I was at the Mets game today and noticing the board that tells you the pitch - "88 MPH SLIDER," "89 MPH FASTBALL," etc. The speed comes automatically from the gun but I imagine that to name the pitch, you have to actually have a guy sitting there watching on TV and saying what it is. Still, the reading appears on the board pretty immediately after the pitch is thrown. It shouldn't be too difficult to have umpiring calls done the same way.

Actually, even that appears to be automated these days.

 
originally posted by Keith Levenberg:

I was at the Mets game today and noticing the board that tells you the pitch - "88 MPH SLIDER," "89 MPH FASTBALL," etc. The speed comes automatically from the gun but I imagine that to name the pitch, you have to actually have a guy sitting there watching on TV and saying what it is. Still, the reading appears on the board pretty immediately after the pitch is thrown. It shouldn't be too difficult to have umpiring calls done the same way.

Actually, even that appears to be automated these days.

 
originally posted by Keith Levenberg:
originally posted by Jonathan Loesberg:
What he can't do is make the baserunner disappear. My argument did not assume what was in question since it did not assume the baserunner ought to have been there (whatever "ought to" might mean), only that, for better or worse, he was.
I'm confused here. The baserunner's physical presence is irrelevant. A safe baserunner and an out baserunner both run across the base exactly the same way. The question isn't whether the baserunner is there but what we are going to call him - a safe baserunner or an out baserunner. Nobody needs to make him disappear (or alter reality in any other way) to call him an out baserunner.

Your not confused, you are just finding new ways to say the same thing. He was a safe baserunner at the moment he was called safe because the rules of baseball are that what an umpire calls is what has happened.

Selig has the power to overrule an umpire call and change the ruling, but he doesn't have the power to make it not have occurred. He can make the runner now be out. He can't make him have been out at the moment. He can declare the game perfect, but he can't make it have been perfect, then.
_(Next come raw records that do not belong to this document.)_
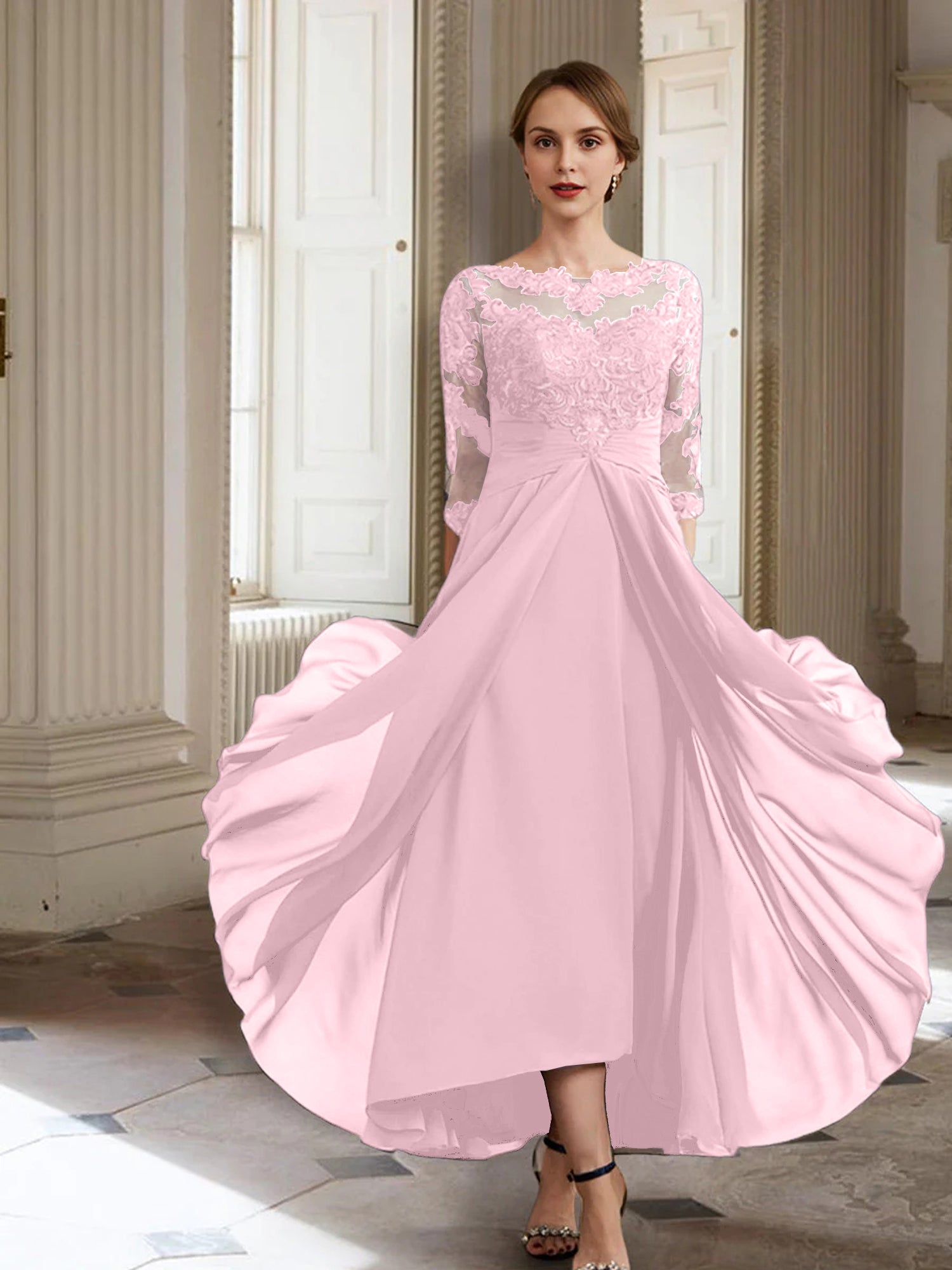 Hemline/Train: | Ankle-Length. High Low |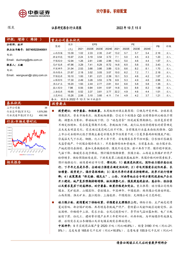 【中泰证券】【20221015】20221015-中泰证券-煤炭行业周报:攻守兼备,积极配置-25页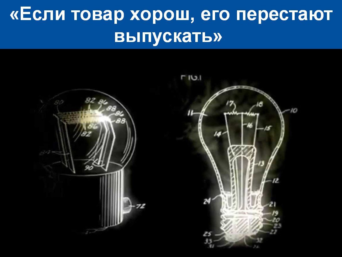 Первая электролампа Эдисона, появившаяся в продаже в 1881 году, была рассчитана на 1,5 тысячи часов работы, а к 1924 году срок её службы продлили до 2,5 тысяч часов. Однако «Феб» создал специальный комитет и целый бюрократический аппарат, который обязал производителей выпускать лампы, работающие не более тсячи часов. Те компании, которые не укладывались в эту норму, подвергались штрафованию со стороны картеля – и так до тех пор, пока мир не получил лампы ещё худшего качества, чем их изначальный прототип.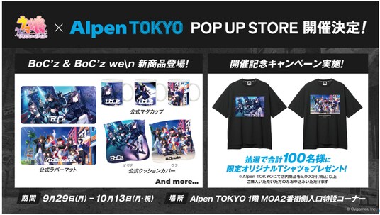 スポーツ用品販売の株式会社アルペン(本社:愛知県名古屋市、代表取締役社長:水野敦之)は、株式会社Cygamesが提供する大人気ゲーム『ウマ娘 プリティーダービー』(以下、ウマ娘)の、「BoC'z」&「BoC'z we¥n」の新商品を含む各種アイテムをAlpen TOKYO内POP UP STOREにて販売します。POP UP STOREは9月29日(月)から10月13日(月・祝)の期間限定でオープン。店内は特別な装飾で彩られ、「BoC'z we¥n」の世界観を楽しむことができます。また、POP UP STORE開催記念として限定オリジナルTシャツが抽選で当たるキャンペーンも同時開催します。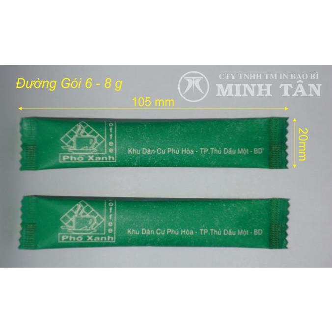 Quảng bá hình ảnh thương hiệu với Đường gói mẫu 9 Minh Tân. Kích thước 105x20mm. đóng đường trắng, đường vàng, đường kiêng trọng lượng từ 6g đến 8g. In trên giấy màng phức in 1 màu hoặc 2 màu, thiết kế theo yêu cầu quý khách.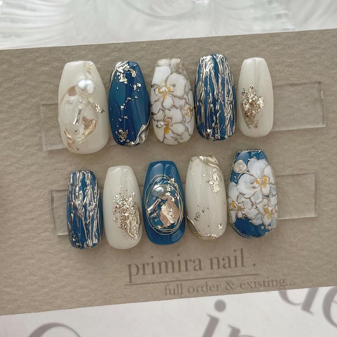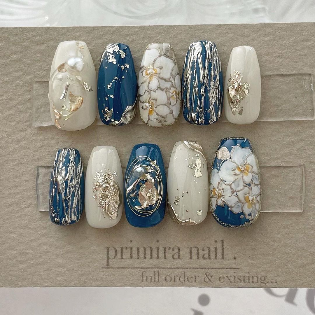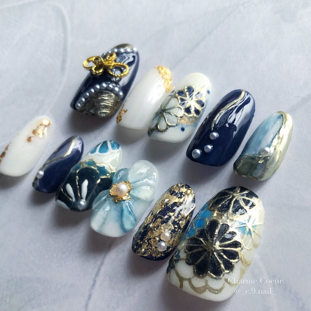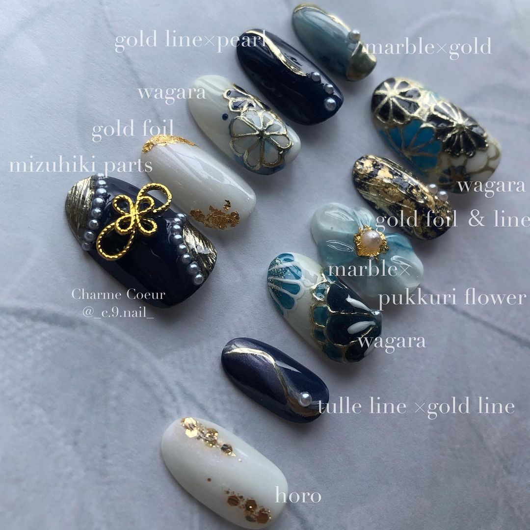 今回はブルーカラーの和柄ネイルデザインをご紹介します!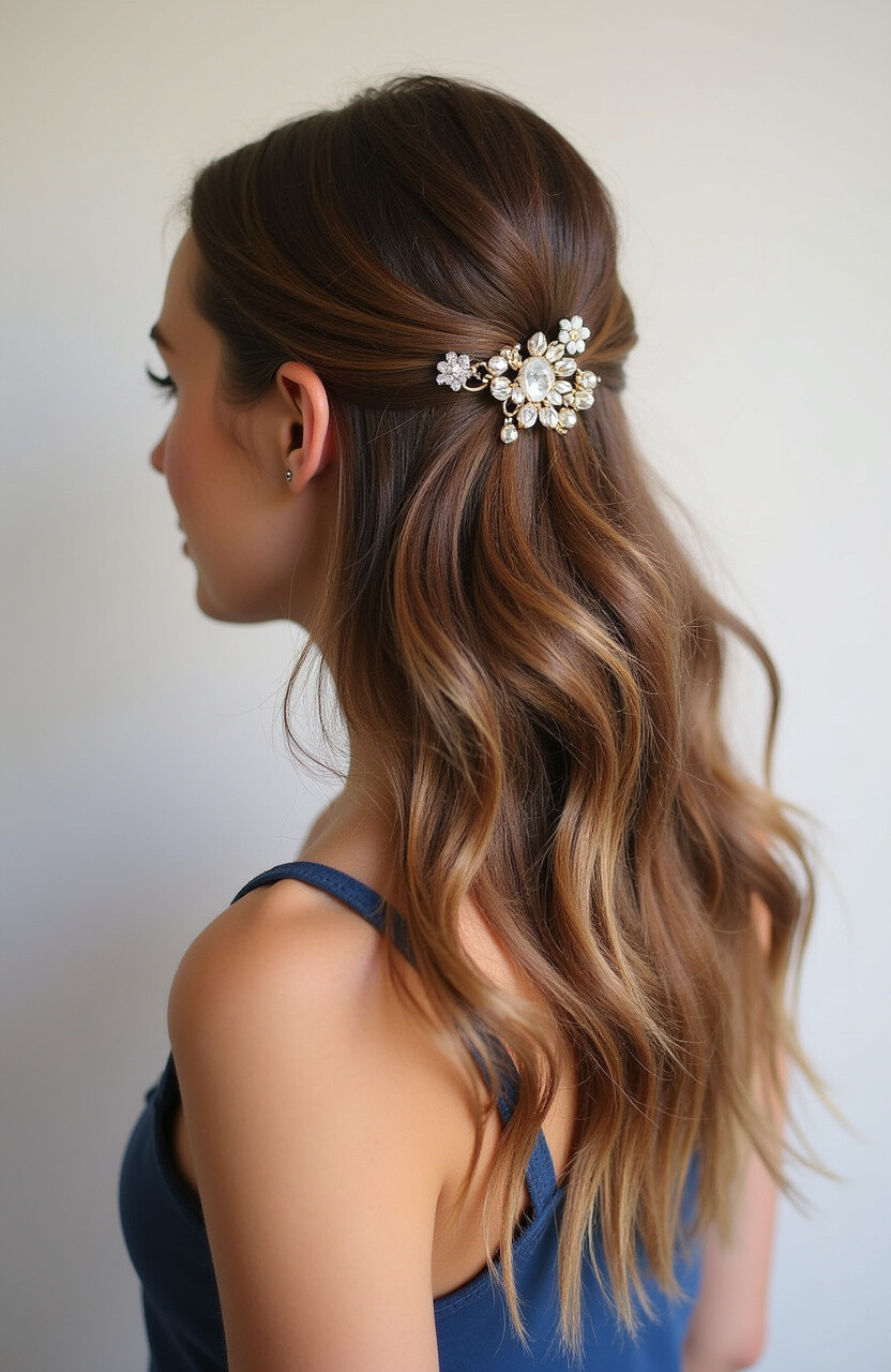 Showcase your personality with a variety of hair clips in your half-up style. This look is all about creativity and fun. It’s great for showing off your collection of quirky or elegant hair accessories.

But this question is exhausted. Let me ask one in return. As I've said, numbers of times, the game is what it was. Why do you care what Selig rules? You can rule yourself that it was perfect. Selig can change the record books, but he and you have exactly the same power to decide how to refer to reality. Call it perfect, encourage others to do so. If it was, it is. If it wasn't, it still won't be.
 
originally posted by Jonathan Loesberg:
He was a safe baserunner at the moment he was called safe because the rules of baseball are that what an umpire calls is what has happened.

Selig has the power to overrule an umpire call and change the ruling, but he doesn't have the power to make it not have occurred. He can make the runner now be out. He can't make him have been out at the moment.
But that's actually not true. The commissioner does indeed have the authority to rule retroactively and declare that the baserunner was out as of the moment the ball was caught.

As for why I care what Selig does, I simply believe that record books should reflect what everyone understands reality to be to the greatest extent possible. Suppose it were determined that the holder of, say, the world record for women's weightlifting was actually a man. Wouldn't you want that removed from the record books? The whole point of keeping the record book is to keep track of which women lifted the most weights, and to facilitate comparative discussions of female weightlifters over time. Neither interest is served by retaining a phony "record" which never belonged in the first place. Or would you argue that the man was actually a woman as of the moment he recorded the record because that's what the weightlifting referee (or judge or whatever one calls them) presumed at the time?